Print every record below exactly, minus the pictures.

[[ DATA PROVIDED, beginning ]]

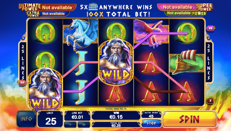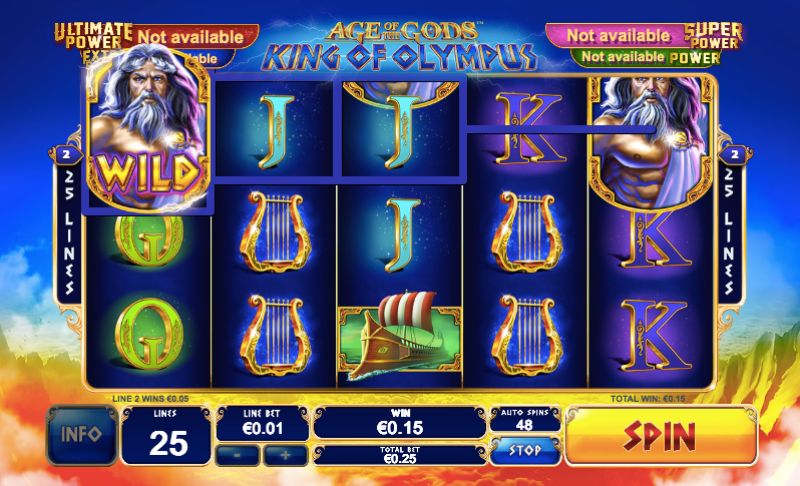 Age of Gods: King of Olympus has 25 fixed paylines across its five reels, ensuring that you will always have a clear understanding of your position while playing against the king of the gods.
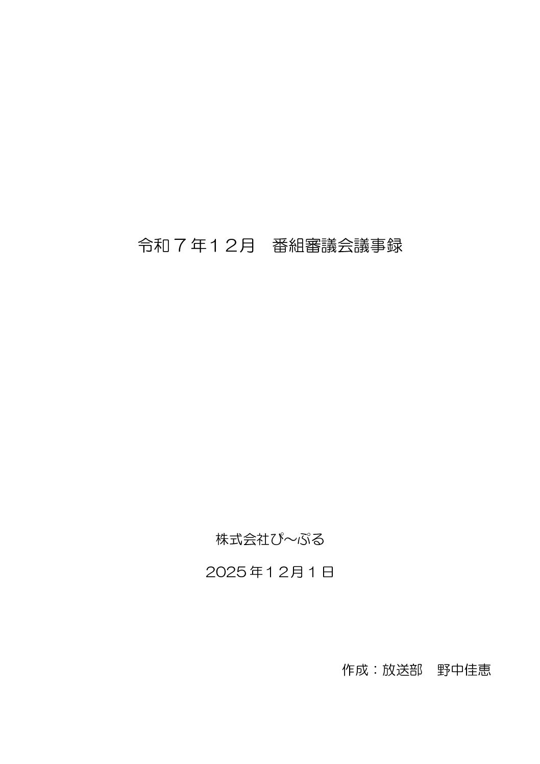 令和7年12月番組審議会議事録
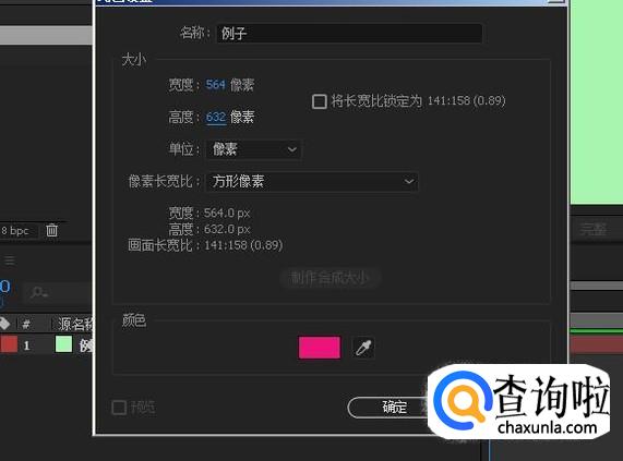 接着,按下CTRL+Y,调出新建固态层的面板。然后,设置固态层的参数。如图所示。
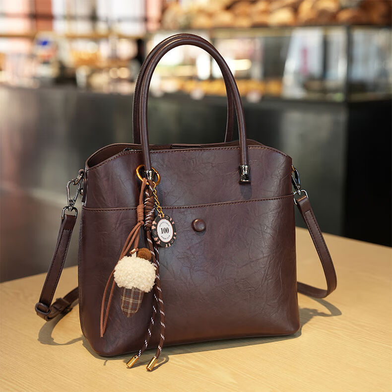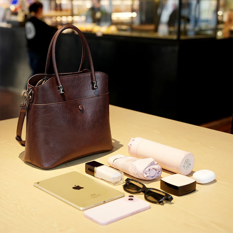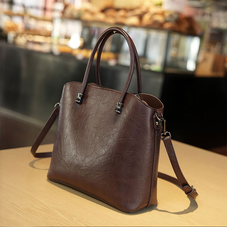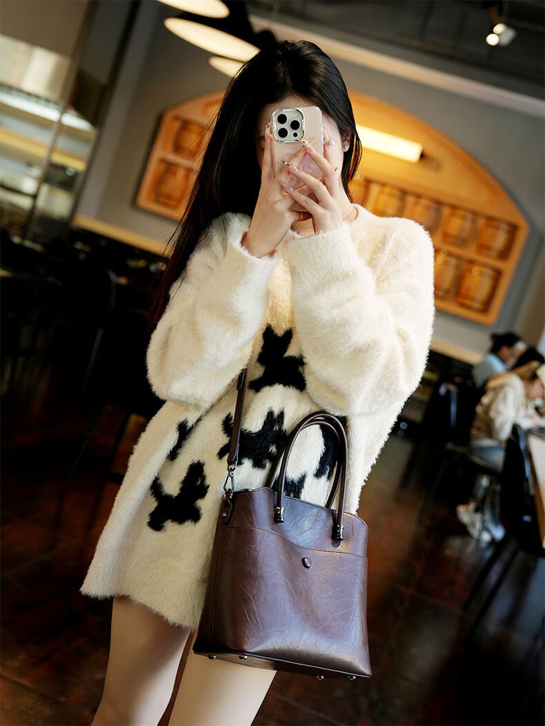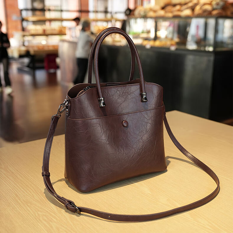 Brand bag for women 2025 new retro genuine leather bucket bag large capacity handbag commuter shoulder crossbody bag for women black
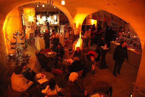 Kein Wunder, dass man daher unter dem Neubau einen geräumigen Weinkeller anlegte. Man steigt am östlichen Eingang siebzehn steile Stufen hinab in ein hohes Kreuzgratgewölbe, das von zwei mächtigen quadratischen Säulen getragen wird. Seitlich schließt sich ein Tonnengewölbe an, von dem es, - wie bei anderen Kellern in der Doppelstadt auch – einen Verbindungsgang gibt zum Gewölbe-Ensemble, das heute zum Bereich der Keller der Zunftweinscheune gehört. Dieser Rathaus-Keller wurde bis nach dem zweiten Weltkrieg von der Firma Westermann & Werner bewirtschaftet.
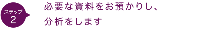 経営状態や取引先、社内の規定など現状分析に必要な資料を確認し、担当コンサルタントによる解析を進めます。その後、分析結果をまとめてレポートを作成、今後の進め方を確認・調整していきます。
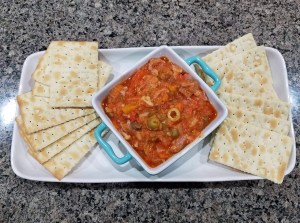 Todo menos la lechuga se pone con una o dos horas de anticipación en media taza de aceite de oliva, un cuarto de taza de vinagre, una cucharada de salsa O.K. o salsa negra, una cucharada de azúcar, una cucharadita de sal y un tris de pimienta. Se deja dos horas y se cuela. (yo guardo el liquido en caso de necesitar mas liquido al final).

[[ DATA PROVIDED, end ]]

PROBLEM SOLUTION:
 Age of Gods: King of Olympus has 25 fixed paylines across its five reels, ensuring that you will always have a clear understanding of your position while playing against the king of the gods.
 令和7年12月番組審議会議事録
 接着,按下CTRL+Y,调出新建固态层的面板。然后,设置固态层的参数。如图所示。
 Brand bag for women 2025 new retro genuine leather bucket bag large capacity handbag commuter shoulder crossbody bag for women black
 Kein Wunder, dass man daher unter dem Neubau einen geräumigen Weinkeller anlegte. Man steigt am östlichen Eingang siebzehn steile Stufen hinab in ein hohes Kreuzgratgewölbe, das von zwei mächtigen quadratischen Säulen getragen wird. Seitlich schließt sich ein Tonnengewölbe an, von dem es, - wie bei anderen Kellern in der Doppelstadt auch – einen Verbindungsgang gibt zum Gewölbe-Ensemble, das heute zum Bereich der Keller der Zunftweinscheune gehört. Dieser Rathaus-Keller wurde bis nach dem zweiten Weltkrieg von der Firma Westermann & Werner bewirtschaftet.
 経営状態や取引先、社内の規定など現状分析に必要な資料を確認し、担当コンサルタントによる解析を進めます。その後、分析結果をまとめてレポートを作成、今後の進め方を確認・調整していきます。
 Todo menos la lechuga se pone con una o dos horas de anticipación en media taza de aceite de oliva, un cuarto de taza de vinagre, una cucharada de salsa O.K. o salsa negra, una cucharada de azúcar, una cucharadita de sal y un tris de pimienta. Se deja dos horas y se cuela. (yo guardo el liquido en caso de necesitar mas liquido al final).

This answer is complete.